Зато я могу добавить очень многое, отозвалась швея. Я могу рассказать о моем посещении лицедея сегодня утром и тогда многое вам станет ясным.
— Я тоже могу сказать кое-что о посещении меня лицедеем, отозвался щеголь.
— Мы ищем виновника всех этих сегодняшних приключений. И мы убеждены, что виновник это вы.
Лицедей озирался. Положение его было совсем незавидное. Трое его старых друзей, только что ссорившихся и плакавших, образовали против него единый фронт. Ему некогда было сентиментальничать по поводу этого наступления плакать жаловаться или оправдываться. Надо было принять бой. Был ли он достаточно силен и достаточно ли он оправился, он этого не знал. Но размышлять было некогда. Вся надежда разъединить союзников и добить каждого по очереди. Эта светская стратегия опять нужна была ему. И он входил в эту борьбу самоуверенный, убежденный в успехе, как бы трудны не были обстоятельства. Он откинулся на спинку стула.

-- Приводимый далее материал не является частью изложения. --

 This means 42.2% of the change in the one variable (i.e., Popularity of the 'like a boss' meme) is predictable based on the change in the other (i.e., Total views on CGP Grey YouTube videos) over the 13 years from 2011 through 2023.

Но швея не дала ему приготовиться.
По вашей позе и по вашим ужимкам я вижу, что вы готовите опять фонтан красноречия, чтобы сбить нас с толку. На этот раз нас не введете в затруднение вашими маневрами.
Я требую свободу. Можете ли мне запретить защищаться как я хочу и могу, если вы на меня нападаете. Если же вы ограничиваете меня с самого начала, то я сдаюсь и прошу делать со мной что вам угодно.

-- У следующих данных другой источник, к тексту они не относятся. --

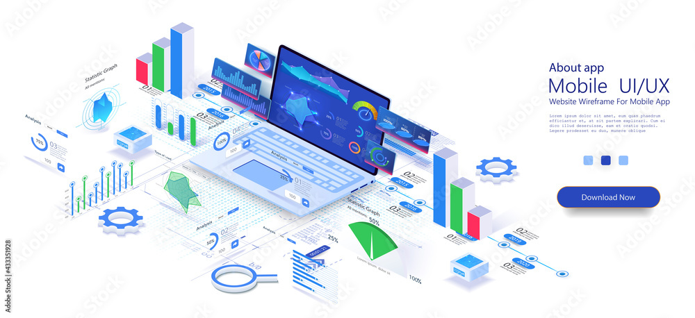 Wall mural concept business strategy. analysis data and investment. application of laptop with business graph a

Он отвернулся. Все замолчали. Щеголь встал прошелся по террасе и подошел к столу.
Положив руку на стол он поиграл с салфеткой. Положил ее разложил снова и переложил.
Я не знаю к чему нам апеллировать господа. Я думаю к честности. Быть может это единственное, что поможет нам спастись. Учитываете ли вы, лицедей, со всем вашим самодовольством и вашей самоуверенностью в какой тупик мы попали. Понимаете ли вы, как безвыходно наше положение, если мы все будем такими каковы мы сейчас.
Я надеюсь на просвет светящий в просвете этого света. Вот почему я возвращаюсь к мысли, что мы должны договориться с вами.
— Не надо, — сказала лебядь. Все равно это ни к чему и ни к чему привести не может. Мы того же требовали от швеи. А к чему привело это желание, — к тому что стало еще хуже и я дала бы дорого, чтобы не знать того обо всей этой истории с моим мужем, о которой рассказала мне швея. Я не сержусь ни на нее, ни на него нисколько. Меня пугает не самый факт, а обстоятельства и обстановка, в которой он родился. Ложь, которая лежит подо всеми нами и нас всех вяжет. И я знаю, что если сделать шаг вперед, то будут раскрываться новые и новые истории, они не усугубят положения, которое я признаю безнадежным. Но я предпочитаю, чтобы меня казнили за меньшее количество преступлений и не знать, что все мои ближние тоже воры и убийцы — кончат так же как я.
Но у нас нет другого исхода, — отозвалась швея. Вот почему я возвращаю вам свободу, лицедей, и прошу вас продолжать.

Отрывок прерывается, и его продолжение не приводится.